Thursday, February 18, 2010

Yes, it's true. I'm a stah! Dahling, dahling.

I'm going to be on TV this evening, on the public access cable show "Chess Now", hosted by my friend Phil. This morning I looked in the mirror and thought, "well, there's nothing I can do about that." And I wore my regular outfit of jeans and t-shirt, which is basically all I've got in my wardrobe. So it's  going to be just the regular me, only on TV. I have no idea what we'll talk about, but I imagine it'll have something to do with chess.

I have a long history of stage fright, by the way. In gradeschool I played a conglomeration of several characters in a production of "Johnny Tremain". When it was my turn to speak, I said my lines while strategically positioning myself behind the other people on stage.

In Junior High, I was walking through the hall, minding my own business, when a door suddenly burst open in front of me, and a bunch of other kids shouted out, "YOU!" They grabbed hold of me, and told me that I was going to be in their production of Macbeth in 3 days (a play I'd never read), and that I'd be playing a conglomeration of characters as determined by the director, a kid about my own age. Here was the book, heavily marked in pen with all the edits. My parents attended the performance, but to this day they deny ever having been there.

In High School I took an acting class, but there was one day when the teacher told us to pick a monologue to perform, specifically not something spoken by a musician on-stage, and I forgot that detail and picked something by Arlo Guthrie. So the teacher took up the entire class period with an extended humiliation exercise.

Another time in High School a few friends of mine were going to do a comedy show at a bar; but one of them bailed at the last minute. So my friends were like, "Zack! You're going to go on stage and do stand-up! PLEEEEEASE!!!!" So I went on stage, and I believe there was no laughter at any point during my routine. The most humiliating part, however, was when the mother of one of my friends told me afterwards, "I though you were pretty good," and I said, "really??" I mean, I knew I'd been the worst bomb that bar had probably ever seen. But still, someone throws me a little bone to mitigate the weight of eternal shame, and I just swallowed it whole. And as I was swallowing it, I thought to myself, "I just had the most pathetic response to someone throwing me a bone that I could possibly have had."

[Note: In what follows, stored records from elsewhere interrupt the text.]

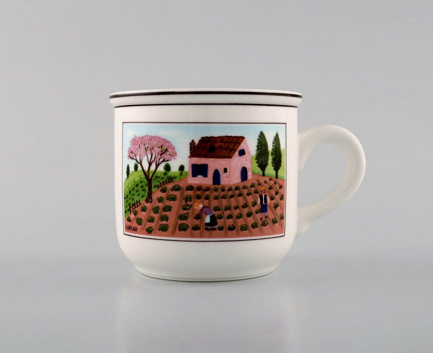 Villeroy & Boch Naif kaffeservice i porcelæn. Et sæt på 6 kopper med undekopper dekoreret med naivistisk landsbymotiv.
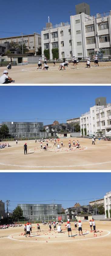 4年生と比べて1クラスの人数が少なくクラス数も多いため、円の中に入って玉を投げる子どもの数は減りますが、一人ひとりがかごをめがけて精一杯投げ込んでいました。
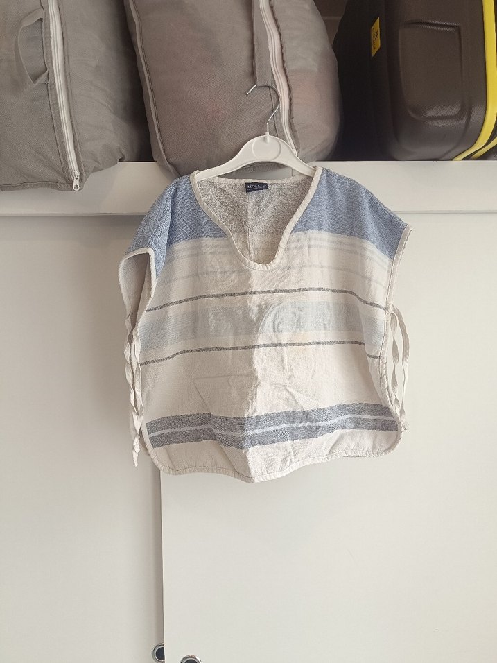 Yumuşak keten kumaştan, kolsuz, bol kesim ve V yakalı çocuk poncho havlu. Örgü dokusu ve gri beyaz tonlarında hafif batik desenlidir.
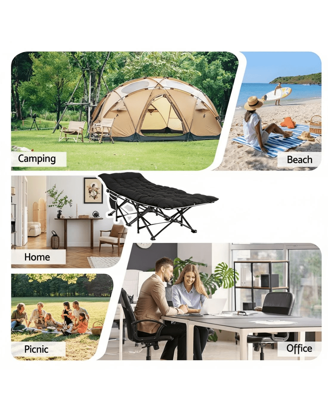 The Artiss Portable Folding Bed is the ultimate solution for versatile sleeping needs. Featuring a durable metal structure, this compact folding bed is designed for small apartments, guest rooms, and office naps. Its lightweight and foldable design make it easy to store and transport. The included removable mattress adds customisable comfort, while the anti-slip foot pads ensure stability on all surfaces. Perfect for camping trips, temporary accommodations, or everyday use, this space-saving bed combines practicality, comfort, and modern style.
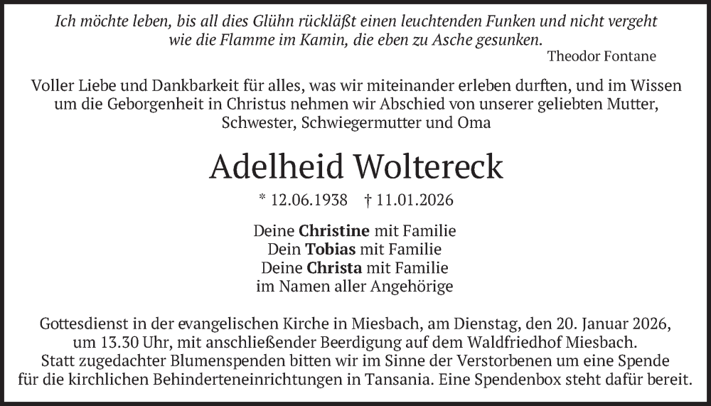 Hier finden Sie alle Traueranzeigen aus der Zeitung, die bisher für Adelheid Woltereck erschienen sind. Weitere Traueranzeigen, die in der Zeitung erscheinen, werden hier ebenfalls aufgelistet
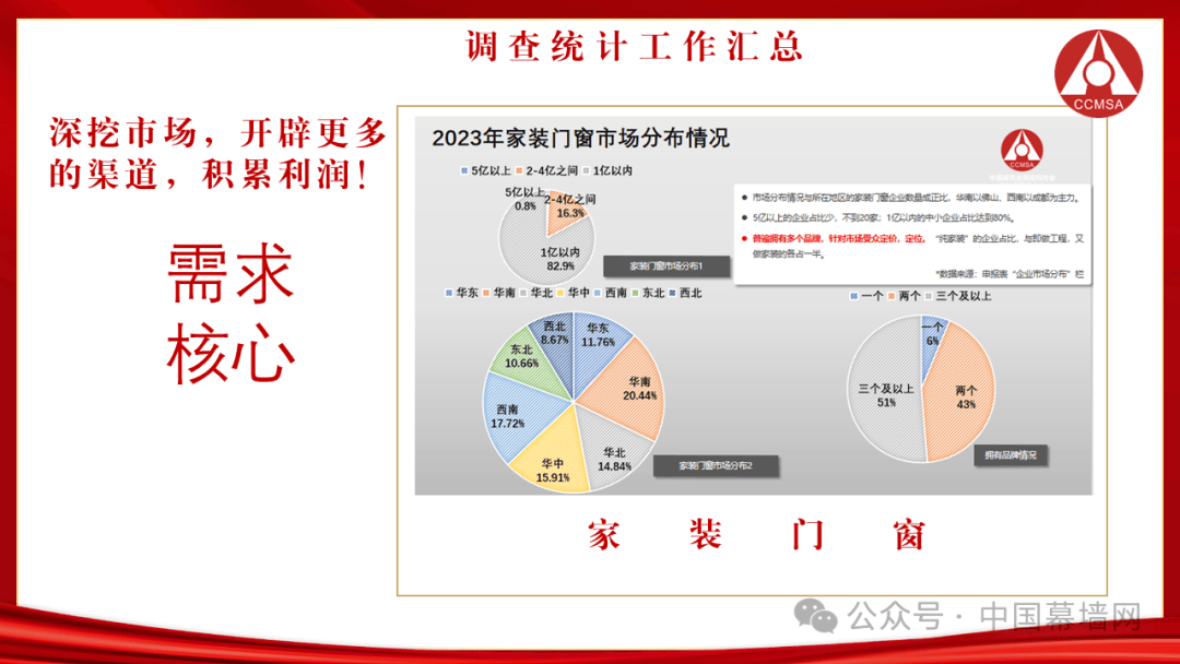 深挖市场,开辟更多的消费渠道,积累利润!市场需求对产品性能、质量、美观、节能等都提出了新的要求,从“大行业、小公司”的无序竞争阶段,到开启存量搏杀的新时代,门窗幕墙市场已进入一个前所未有的大转折时期,消费场景、营销服务、供应链管理、生产制造、产品研发等环节都在发生深刻变革,企业要想健康可持续发展,利润要一点一滴的“挖掘”出来。
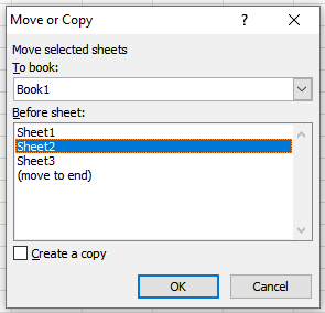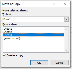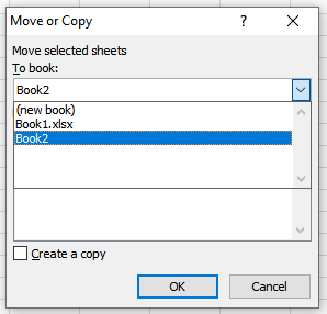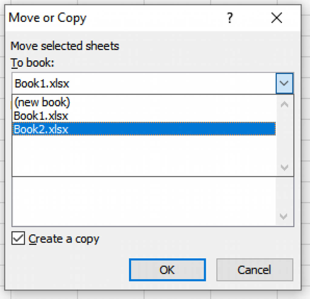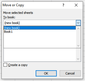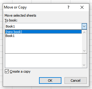 If you want to copy a worksheet in a new workbook you will again have to go to Move or Copy in the context menu and check the Create a copy box. Under “To Book” click the drop-down menu and select (new book). Excel will create a new workbook containing the copied worksheet.
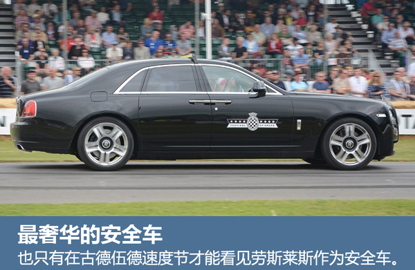 显然这些赛车在性能上完全没有可比性,但是在古德伍德速度节上,交流和展示的意义远大于竞赛的本身,人们带着欢乐参与到这项传统形式的赛事中,输赢早已置之度外。很多弥足珍贵的经典老车只能在赛道上闲庭信步,因为年代久远,这些车不能出现半点差池。同时赛会的安全车也是一道风景,除了在古德伍德速度节,你不会在其他地方看见全世界最豪华的“安全车”劳斯莱斯,用它作为安全车也有一定的道理,因为它就产自古德伍德。
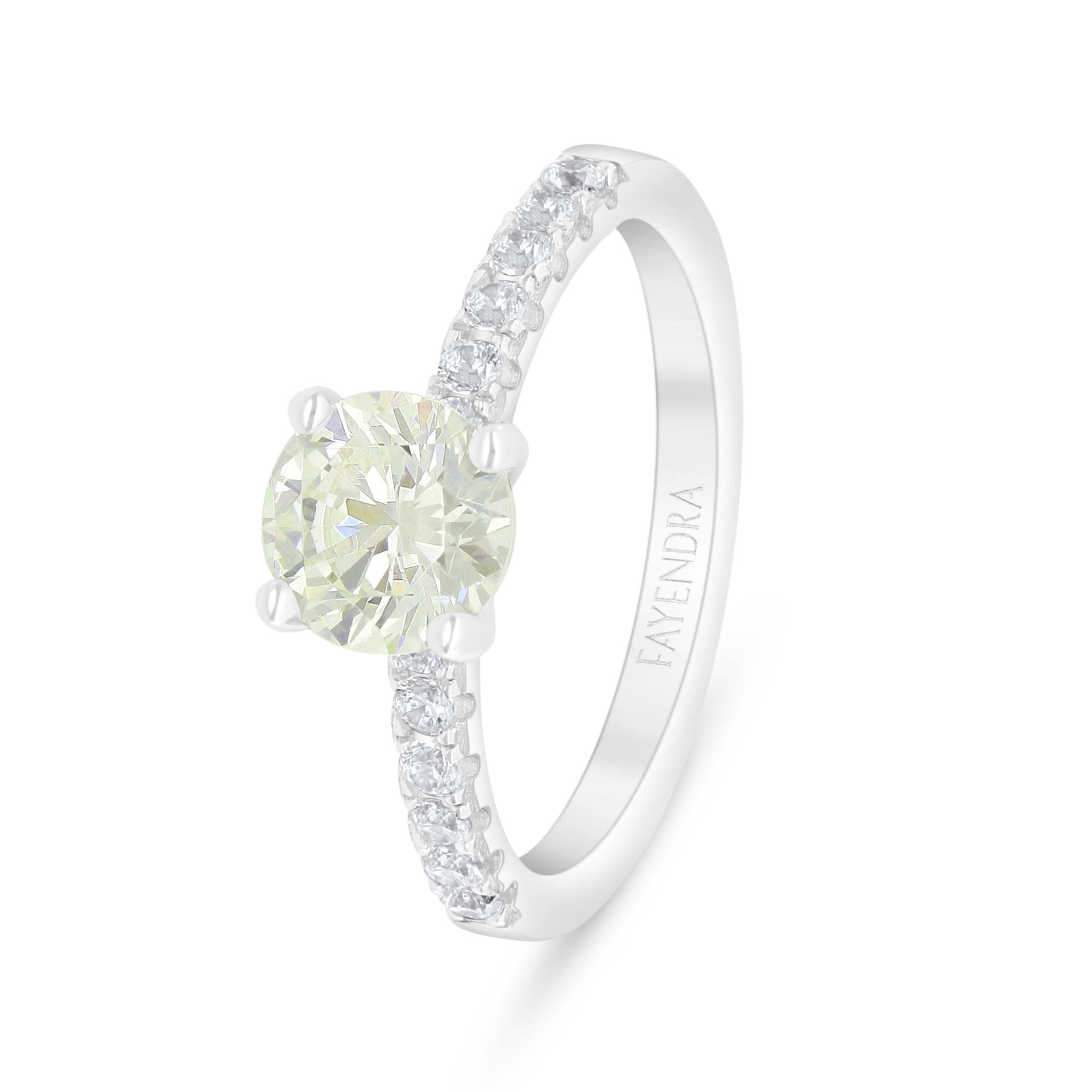 خاتم من الفضة الخالصة عيار 925 مطلي روديوم مرصع بالزركون الكناري الالماسي و فص ابيض
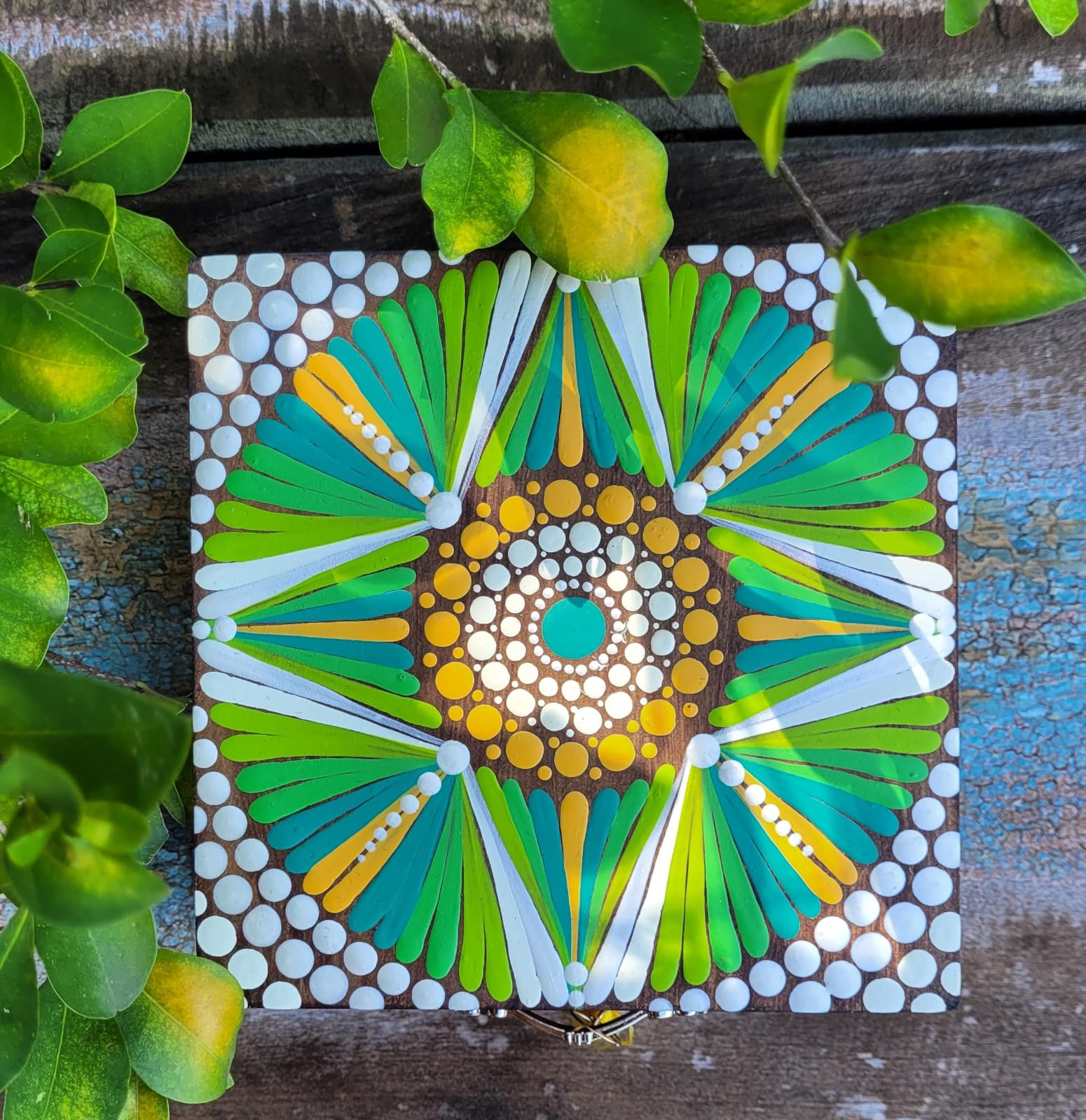 Caixa MDF 14x14x5cm toda pintada a mão com técnica mista e pontilismo.
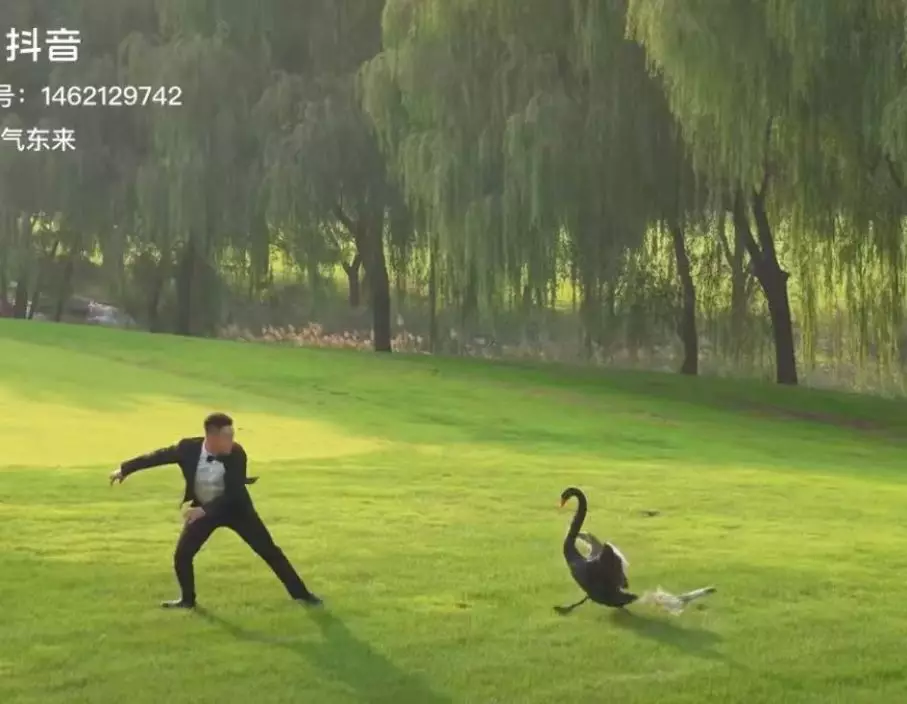 最終,新郎抬腳作勢驅退,才成功化解這場突如其來的「襲擊」。新郎孫先生透露,這隻黑天鵝體型龐大,直立起來幾乎與人等高,新娘當下驚慌失措,而他則本能地想保護妻子。他推測,黑天鵝或是被白色婚紗吸引誤以為「入侵者」,所幸雙方均無受傷,也未造成任何損害。

Occasionally I've been invited to professional conferences in my adulthood, and nowadays I just turn them down flat. You couldn't drag me into a panel discussion in front of people. Forget it! Thank you very much, I appreciate that there's possibly some money in it for me, but I'd rather just stay in my room listening to my latest recording of fingernails on chalkboards.

And here I am about to appear on "Chess Now". Why am I doing this? Well, partly it's because I like and trust Phil, partly because I've been playing chess all my life and have some interesting stories that may or may not come up during the show, partly it's because TV production is fascinating, and partly it's because it's possible that a future episode might be about another game I love and adore and created myself. So it's a mixture of various motivations that's brought me to the point of braving the waters of total humiliation yet again. Yay!